From Three Mile Cross we walked on to Swallowfield, still by
those never-ending roadside red-brick cottages and villas, for
we were not yet properly out of the hated biscuit metropolis.
It was a big village with the houses scattered far and wide
over several square miles of country, but just where the
church stands it is shady and pleasant. The pretty church
yard too is very deeply shaded and occupies a small hill with
the Loddon flowing partly round it, then taking its swift way
through the village. Miss Mitford's monument is a plain,
almost an ugly, granite cross, standing close to the wall,
shaded by yew, elm, and beech trees, and one is grateful to
think that if she never had her reward when living she has
found at any rate a very peaceful resting-place.
The sexton was there and told us that he was but ten years old
when Miss Mitford died, but that he remembered her well and
she was a very pleasant little woman. Others in the place
who remembered her said the same - that she was very pleasant
and sweet. We know that she was sweet and charming, but
unfortunately the portraits we have of her do not give that
impression. They represent her as a fat common-place looking
person, a little vulgar perhaps. I fancy the artists were
bunglers. I possess a copy of a very small pencil sketch made
of her face by a dear old lady friend of mine, now dead, about
the year 1851 or 2. My friend had a gift for portraiture in a
peculiar way. When she saw a face that greatly interested
her, in a drawing-room, on a platform, in the street, anywhere,
it remained very vividly in her mind and on going home she
would sketch it, and some of these sketches of well known
persons are wonderfully good. She was staying in the country
with a friend who drove with her to Swallowfield to call on
Miss Mitford, and on her return to her friend's house she
made the little sketch, and in this tiny portrait I can see
the refinement, the sweetness, the animation and charm which
she undoubtedly possessed.
But let me now venture to step a little outside of my own
province, my small plot - a poor pedestrian's unimportant
impressions of places and faces; all these p's come by
accident; and this I put in parenthetically just because an
editor solemnly told me a while ago that he couldn't abide and
wouldn't have alliteration's artful aid in his periodical.

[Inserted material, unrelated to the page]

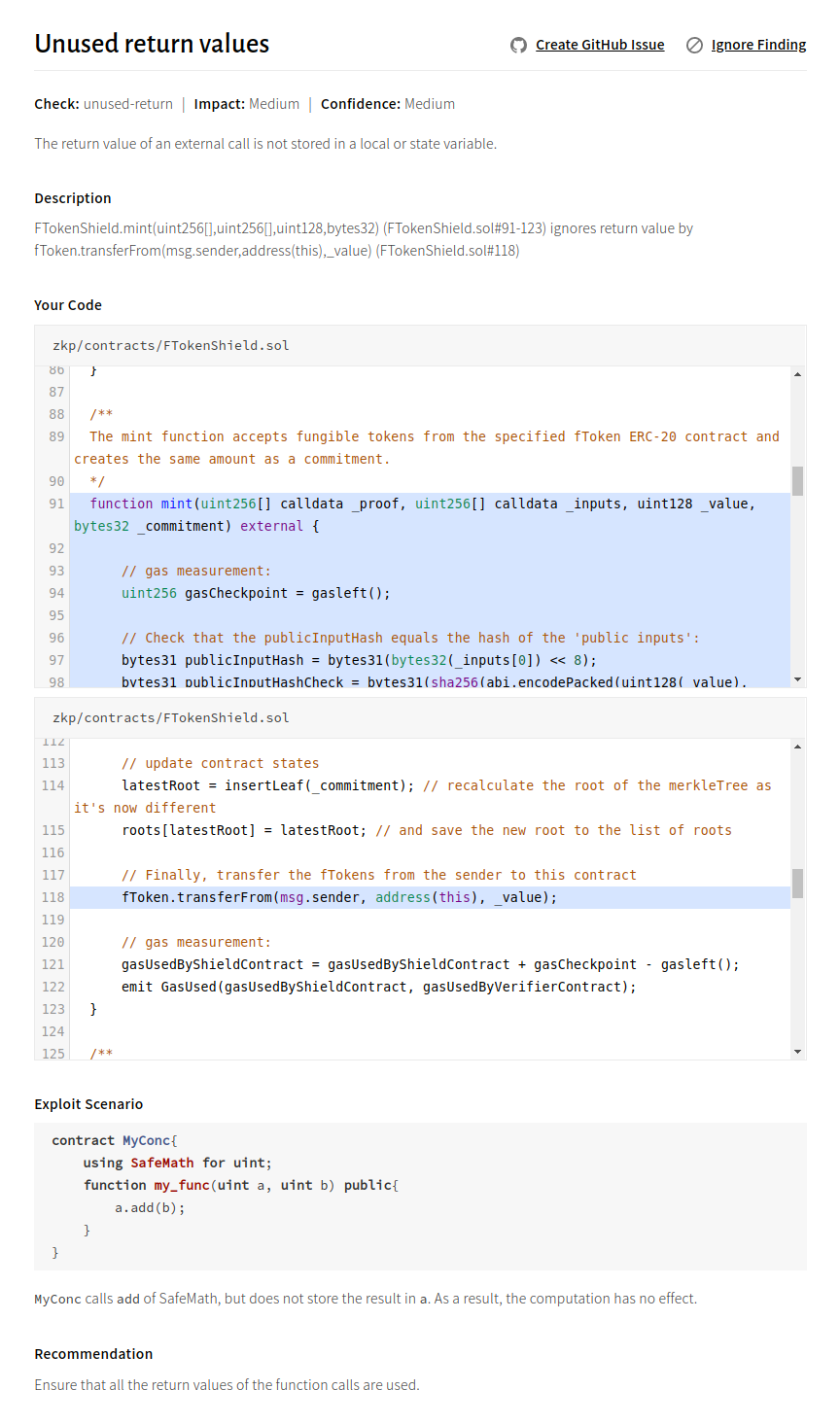 - Unused return value can allow free token minting

Let us leave the subject of what Miss Mitford was to those of
her day who knew her; a thousand lovely personalities pass
away every year and in a little while are no more remembered
than the bright-plumaged bird that falls in the tropical
forest, or the vanished orchid bloom of which some one has
said that the angels in heaven can look on no more beautiful
thing. Leaving all that, let us ask what remains to us of
another generation of all she was and did?
She was a prolific writer, both prose and verse, and, as we
know, had an extraordinary vogue in her own time.